RepTrak knew it wasn’t going to hit its new logo numbers for 2022, but with the help of Pipeline Intelligence, Jawin said they knew early on and were able to prepare for it:
And I think especially what we’ve seen with pipeline intelligence is when we started in January, it was a very different world than we are now. No one thought there was going to be a war in Ukraine. Inflation like, it’s wild how much has happened this year. And we can see that reflected in pipeline intelligence, how our conversion rates from opp to closed/won have really fluctuated from month to month. Having that information update daily allows us to make plans. We can still hit our goals.
No longer flying blind
RepTrak has been a 6sense customer for three years. Jawin had heavily researched account-based marketing technologies for a previous employer, and she believed 6sense offered the best capabilities. The RepTrak finance team signed on to the platform during her first 30 days there because they understood how unpredictable pipeline was, and they were having trouble forecasting what was going to happen.

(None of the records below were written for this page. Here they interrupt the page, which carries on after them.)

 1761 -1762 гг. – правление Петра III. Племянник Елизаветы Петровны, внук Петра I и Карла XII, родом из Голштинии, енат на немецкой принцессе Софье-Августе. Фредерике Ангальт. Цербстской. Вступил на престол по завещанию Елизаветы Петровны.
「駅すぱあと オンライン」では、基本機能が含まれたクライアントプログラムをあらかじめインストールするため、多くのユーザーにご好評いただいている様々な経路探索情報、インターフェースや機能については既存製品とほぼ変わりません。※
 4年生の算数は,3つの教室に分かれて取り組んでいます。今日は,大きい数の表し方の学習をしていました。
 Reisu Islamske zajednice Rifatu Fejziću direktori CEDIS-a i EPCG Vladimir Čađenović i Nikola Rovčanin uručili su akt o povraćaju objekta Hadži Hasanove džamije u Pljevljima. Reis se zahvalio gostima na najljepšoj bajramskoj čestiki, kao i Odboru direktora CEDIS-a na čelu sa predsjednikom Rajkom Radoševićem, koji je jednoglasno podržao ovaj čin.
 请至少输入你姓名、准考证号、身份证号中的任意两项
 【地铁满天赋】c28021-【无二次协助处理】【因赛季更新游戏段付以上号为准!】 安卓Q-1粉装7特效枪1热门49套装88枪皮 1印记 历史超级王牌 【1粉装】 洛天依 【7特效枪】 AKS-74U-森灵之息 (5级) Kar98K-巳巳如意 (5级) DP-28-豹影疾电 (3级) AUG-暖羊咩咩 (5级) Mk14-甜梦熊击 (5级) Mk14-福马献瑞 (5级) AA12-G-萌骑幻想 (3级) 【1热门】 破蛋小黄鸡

The initial use case wasn’t Pipeline Intelligence, however. Jawin said she was flying blind, not knowing what it was that prospects cared about, where they were in the market, or how to message them as she didn’t have the technology to reach them. But, with 6sense, she could see intent terms and understand the channels they needed to orchestrate:
I was here for three months before COVID hit. But I think one of the main reasons we were so successful is that we were able to rely on 6sense so much. It was such a robust platform, especially with display and re-targeting. We can see what people cared about, tailor that by funnel stage, load them into some display and re-targeting, and then set it and forget it. Load up the emails. It really became sort of like the central nerve of our entire operation, and it’s still to this day. Pipeline Intelligence is just a fantastic addition on top of that.
My take
I asked Jawin what she thought would have happened if they hadn’t used 6sense Pipeline Intelligence. She said they wouldn’t have known their revenue for 2022. They would have been guessing and had less credibility, and 2023 planning would have been very difficult.

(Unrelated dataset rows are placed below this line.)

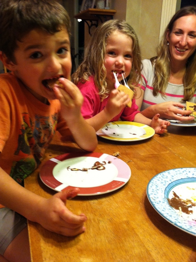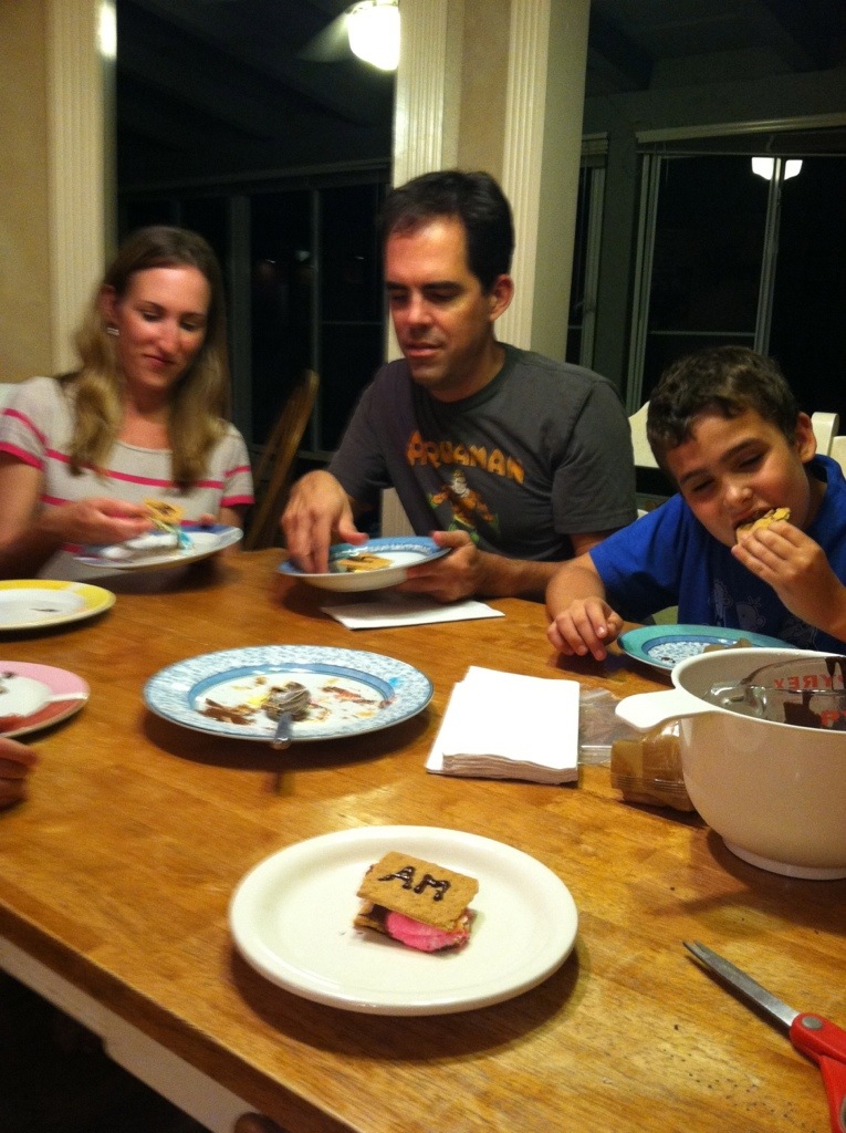 I distracted the kids by showing them how to pipe their initials on their graham crackers while Michelle nuked the plate of S’Marzipan S’Meeps.
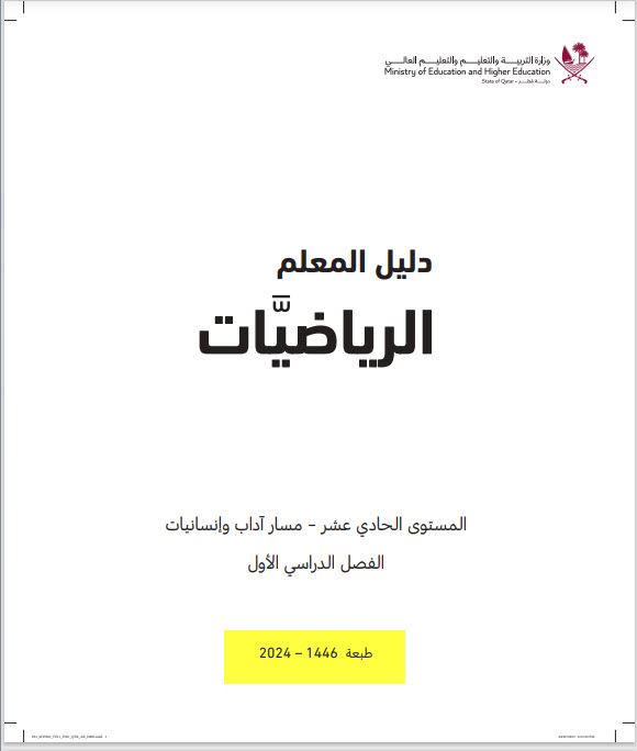 دليل المعلم لمادة الرياضيات مسار آداب وإنسانيات المستوى الحادي عشر الفصل الاول المنهاج القطري 1446-2024
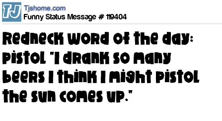X Redneck word of the day: pistol "I drank so many beers I think I might pistol the sun comes up."
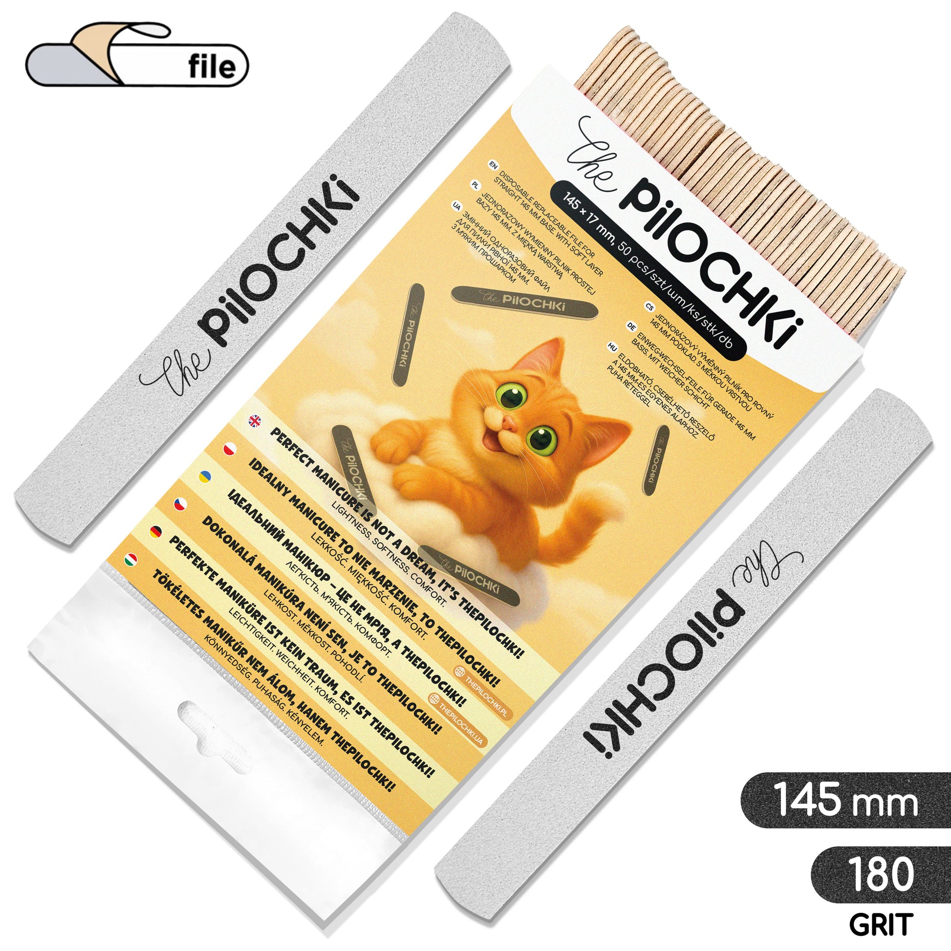 Wymienne pilniki proste 145 mm na miękkiej bazie, białe, 180 grit, 50 szt.
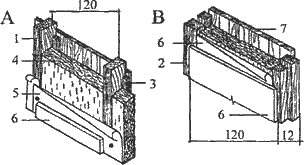 Рис. 20. Стены: А – каркасные; В – панельные; 1 – стойка; 2 – обвязка; 3 – брусок; 4 – минераловатные плиты или другой утеплитель; 5 – пергамин; 6 – доска; 7 – отделочная доска.

I like the idea of marketing on the frontline of pipeline and tying performance to a metric like pipeline, not MQLs. I’m not a fan of the MQL metric because no one seems to agree on what an MQL is. Most companies think someone who downloads an asset is an MQL if they fit the ICP (ideal customer profile), but reading a piece of content is not a clear indication of intent to purchase – especially not with all the content available today.
Working towards a pipeline number sounds much more realistic and brings sales and marketing closer together. Tools like 6sense help these collaborative teams understand what they are working towards better, and it’s nice to see the benefits they bring to a company when used correctly.